It's been a long-standing debate -- might lawmakers make the switch?

BEND, Ore. (KTVZ) -- The owner of several Central Oregon gas stations went before state lawmakers (in virtual fashion) Tuesday to testify on behalf of allowing self-service at the gas pumps, something supporters have been lobbying to see for years.

The proposed House Bill 2426 would give Oregonians the choice to pump their own gas, rather than requiring they fill up with an attendant.

If enacted into law, the bill would effectively overturn 70 years of Oregon regulation. While some rural counties already allow self-service at the pump, due to some recent changes in state law, the bill would make the choice universal statewide.

New Jersey and Oregon are the only two remaining states that don't allow self-service at the pump.

Supporters say recent polls show a majority of Oregonians support the proposition, and would enjoy having the freedom to pump their own gas. Opponents of the bill argue that the move would eliminate jobs from the workforce, and could even be a safety issue.

Here's testimony prepared by Central Oregon gas station operator Hasseeb Shojai, who NewsChannel 21 also spoke to early last year about the issue.

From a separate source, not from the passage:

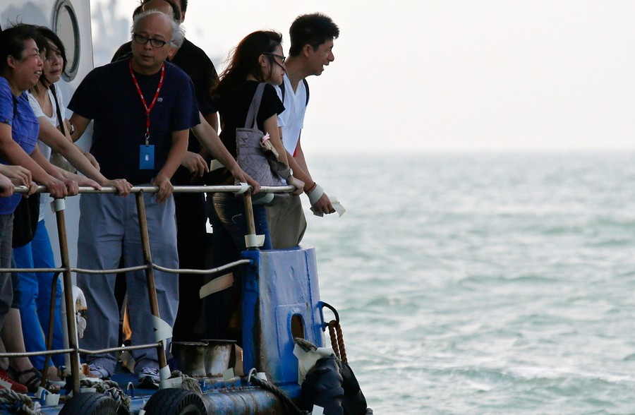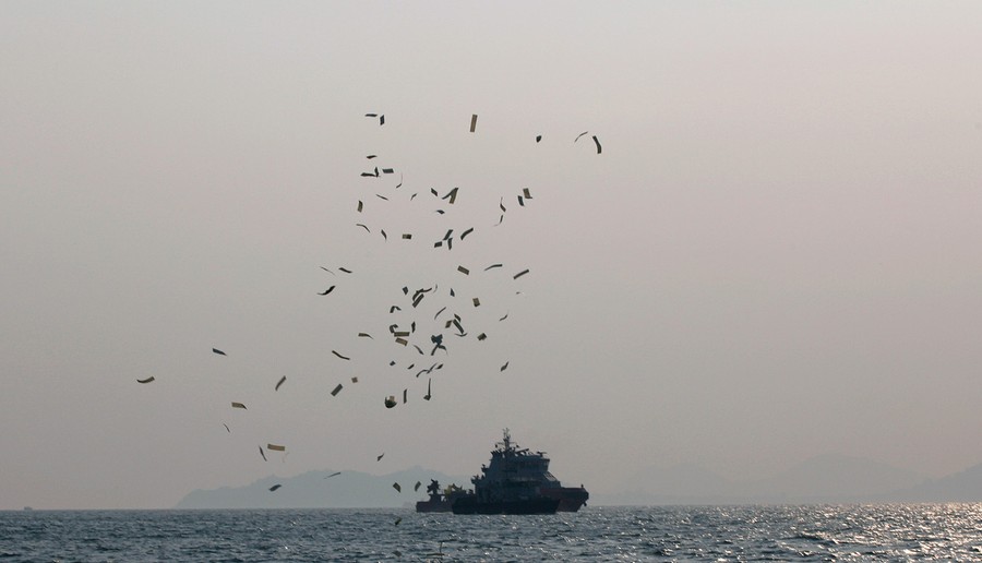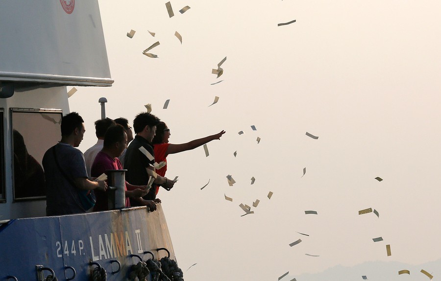 Read moreRelatives of the victims throw paper money Tuesday, October 2, 2012 as they pay tribute to the ill-fated people aboard the Lamma IV that sank Monday night near Lamma Island. #

Here's a news release from the pro-self-serve group 'Oregonians for Choice at the Pump,' who said no opponents of the bill testified at Tuesday's hearing:

Oregon small businesses urge legislators to support House Bill 2426 and allow Oregonians choice in fueling
• Lifting the ban would protect existing jobs and access to fuel
• Attendants would still be available for elderly and disabled people, and for anyone who prefers assistance
• Polling shows majority of Oregonians want the choice to pump their own gas or be served by an attendant

Oregon legislators today heard from small and family-owned businesses calling for their support of bipartisan legislation that would lift the state’s widespread ban on self-serve gas.

Haseeb Shojai, a first-generation Oregonian who moved to the Bend area in 2004, was among those testifying in support of House Bill 2426 at a public hearing in the House Committee on Emergency Management, General Government, and Veterans.

“As a business owner and as an operator of gas stations, the last three years have been increasingly challenging,” said Shojai, who owns and operates four gas stations in Bend, Madras, Prineville and Metolius. “From the pandemic, to intense wildfire smoke, to a huge shift in employment, our ability to operate normally is no longer an option.”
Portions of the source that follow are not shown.